Application definitions are exported to JSON and can be managed as code in a Github repository. Observe manages the upgrades to all applications within the user interface.

Monitors

Observe Monitors provide a flexible way to alert for patterns in your incoming data. Define who should receive alerts with channels and channel actions, then create monitors to watch for your desired conditions. When one occurs, Observe sends alerts to everyone or every service in the channel. You can send alerts to any combination of email addresses and Webhook-enabled services.

Monitors complement resource notifications by adding alerts.

A Monitor watches a dataset for a particular condition, such as a count of events or a specific text value. When you create a monitor, Observe creates a new dataset based on the contents of the page and your conditions. This allows multiple monitors from the same page to be independent of each other.

Monitors provide five options to use for the notifications:

  • Threshold Metrics - Compare the count of events to a static threshold.

  • Count - Compare a numeric value to a static threshold.

  • Text Value - Use a specific text field to monitor the dataset.

  • Promote - Select an event in the dataset to receive Notifications when the event occurs.

  • Threshold Log - select a log message that triggers an Alert and receive Notifications about the Alert.

More information about Metrics can be found here.

Data Table Settings Overview

For each table in Worksheets, Logs, and Datasets, you can adjust the table to suit your viewing needs.

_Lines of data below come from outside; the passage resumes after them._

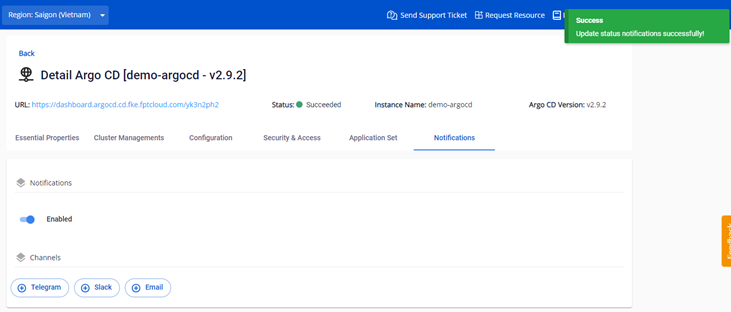 fpt-argocdEnable Disable NotificaionsEnable Disable Notificaions Bước 1 : Tại màn hình Notifications > Enable Notifications : Bước 2 : Sau khi enable thành công, FPT Cloud sẽ cho phép người dùng cấu hình thông báo tới một số hệ thống bên ngoài như Telegram/Slack/Email
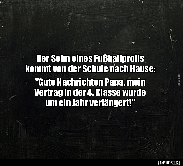 Der Sohn eines Fußballprofis kommt von der Schule nach Hause: "Gute Nachrichten Papa, mein Vertrag in der 4. Klasse wurde um ein Jahr verlängert!"
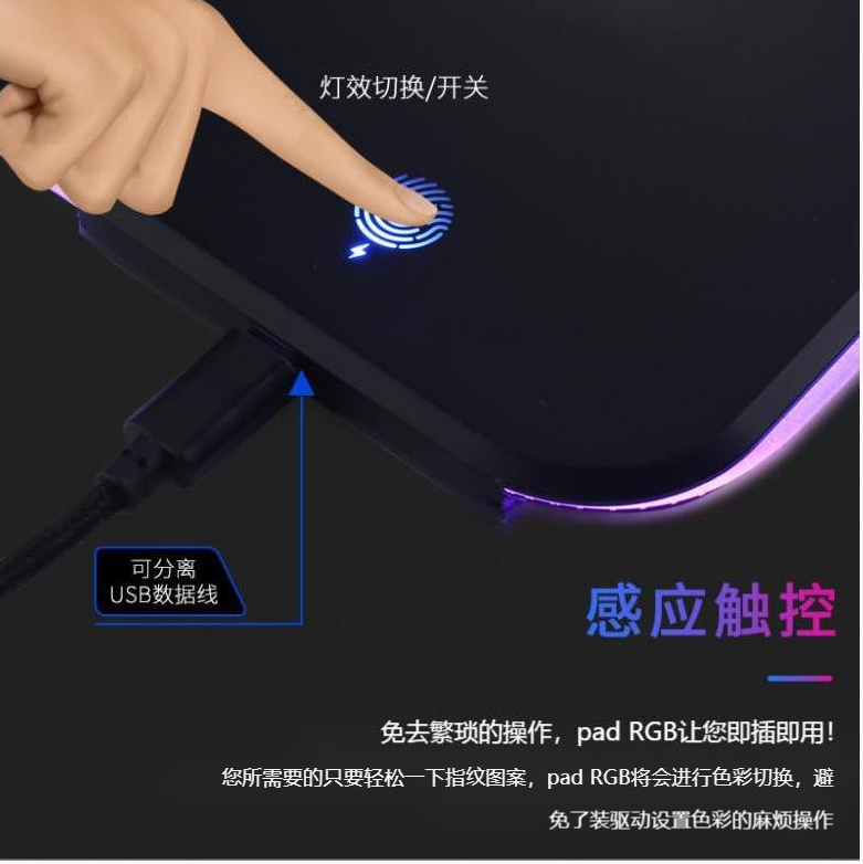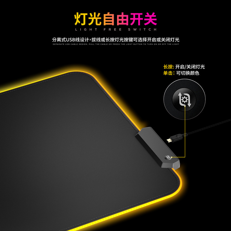 炫彩RGB游戲鼠標墊,織物面料編織,表面細膩、平整、操作穩定,帶燈光切換按鍵,輕輕一按,燈光可自由切換,加厚橡膠底部,穩固防滑

The following settings can be viewed when you click the Table settings icon:

  • Columns - a list of columns in the table

  • View - adjust the row sizing

  • Limit - select the MAX RESULTS to view the table from 1 to 100,000 rows.

Column Settings Menu

Figure 9 - Column Settings

View Settings Menu

Figure 10 - View Settings

The default value is Flexible.

Limit Settings Menu

Figure 11 - Limit Settings

The default value is 10,000.

Displaying All Rows in a Data Table

Logs, and Datasets display Filters with parameters you can use to narrow or expand data in the table. Initially, the Filters use the default Row Limit to locate the applicable parameters.

Initial Set of Filters from 10,000 Rows

Figure 10 - Initial Set of Filters from 10,000 Rows

If you cannot locate your Filter in the initial Filters list, click the V next to Fetched from 10.0K rows and click Fetch from all rows. Now all of the rows in the dataset display in the table, and all Filters become available in the Filters list.

Fetched from All Rows

Figure 11 - Fetched from All Rows

To view the entire list of Filters, click View More and scroll down the list until you locate your Filter.

View More Filters

Figure 12 - View More Filters

After you select a Filter, the Filters list returns to the default Row Limit.